Locals are great at hiding: It is an elusive and obsessive pursuit to avoid the crowds on the mountains and it involves creative use of lifts to get to the runs where the tourists and Lower Mainlanders dare not venture.
But how long can we continue to hide? Already locals are wary of Vail Resort's 550,000 Epic Pass holders who may well want to head to Whistler to experience the legend firsthand. Luckily, they won't all come on the same weekend, although Vail just announced last week it has added Les 3 Vallees, Paradiski and Tignes-Val D'Isere in France, Skirama Dolomiti Adamello Brenta in Italy, 4 Vallees in Switzerland, and Arlberg in Austria to its existing collection of 13 resorts in the U.S. and Australia.
If the snow prevails, we'll be looking at a busy winter with annoyingly long lift lineups, and that crowning moment after a day on the mountains when you are in the bar lineup and you just want a beer but must cool your jets as the tourist ahead of you orders six labour-intensive double-mojitos for his friends. It is at that moment you ache with frustration.

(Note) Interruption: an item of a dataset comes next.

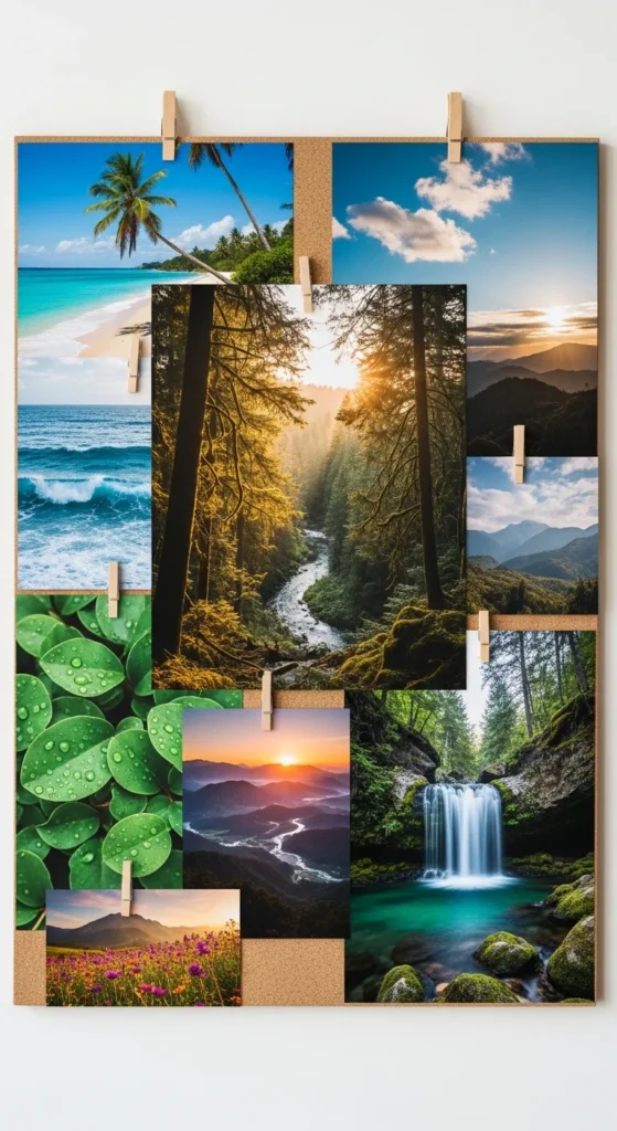 If you want more outdoor time in 2026, gather images of nature scenes forests, waterfalls, mountains, and gentle fields. Green-heavy boards encourage grounding and connection.

It is then that you start to think of the allure of Valemount, the newly announced $175-million resort nestled between three mountain ranges. Lifts will take skiers to four peaks, with the highest elevation at 3,200 metres. And a couple of glaciers. And the largest vertical drop in North America with some of the longest ski runs. And you think how easy it would be to hide there.
Valemount Glacier Destination Resort began with inspiration from European ski resorts: Lifts that take skiers to peaks that dominate the landscape. But more than that, the idea was forged from the consensus that a small community can increase tourism while preserving the mountain lifestyle.
Hit hard by the decline in the forestry and wood-processing industry, Valemount struggled to find its way through tourism and recreation. And the Valemount project is clever, with an eye to attracting international skiers, the numbers of which have fallen by 50 per cent since 2001. The Valemount master plan attributes the drop in numbers to the "stagnant product mix that does not compete well in terms of climate, vertical drops and lift infrastructure."
The Valemount master plan is loaded with info, such as the fact that Colorado, which has twice the number of destination resorts as B.C., gets double the number of skier visits compared to this province.
(If you've skied Colorado, or Utah, you know they're just fine with the dry snow, and with some resorts that serve free, fresh-baked chocolate-chip cookies when you finish your day of skiing, plus a bowling alley to take the kids to later. But they're no Whistler Blackcomb.)
And Switzerland attracts approximately the same number of American skiers as Canada. The Swiss Alps draw more than twice the skiers from Asia, Japan, India and Brazil. It is to this market that Valemount developers look.
On paper, this appears to be a winner. There is talk of a resort village with more than 2,000 beds — and mention is made of employee housing.
There is also mention of the "third-largest lift-serviced non-contiguous vertical in the world" — after Zermatt, Switzerland, and Chamonix, France. And low-density skiing, which is economical. And no anticipated snow-making requirements. And north-facing slopes. And summer skiing.
Not that far away are Jasper and Banff: two of the must-see destinations for international visitors, who number 7.5 million a year to that area.
International tourists follow the same itinerary: They come to Whistler, spend a night or possibly two, ride the Peak 2 Peak, particularly in summer, then head to Banff and Jasper. In winter, if they come here for the skiing, they stay longer.
Valemount developers expect construction to start shortly after provincial approval, which was granted Aug. 17. And in the meantime, we await word on Whistler's next big project: Renaissance, that $345-million development that was announced early in April with nary a word since.
So there will be skiing at Valemount for the purists — year-round — and with plenty of places to hide, although it doesn't seem like one would really need to. There will be exceptional backcountry sightseeing. There will be a new expanse of territory for sledding, which draws from Calgary and Edmonton.
There are conceptual drawings for a quaint, largely pedestrian village that appears similar to the early Whistler, long before the hour-long lineups, the crush of Airbnb, and the need for a food bank — and before we learned how to hide.
In light of Renaissance, it is easy to envision Whistler with tourists who arrive armed with swimsuits instead of skis.
It is even easier to envision the skiing purists who will eagerly book Valemount.
And we may be just a little envious of them.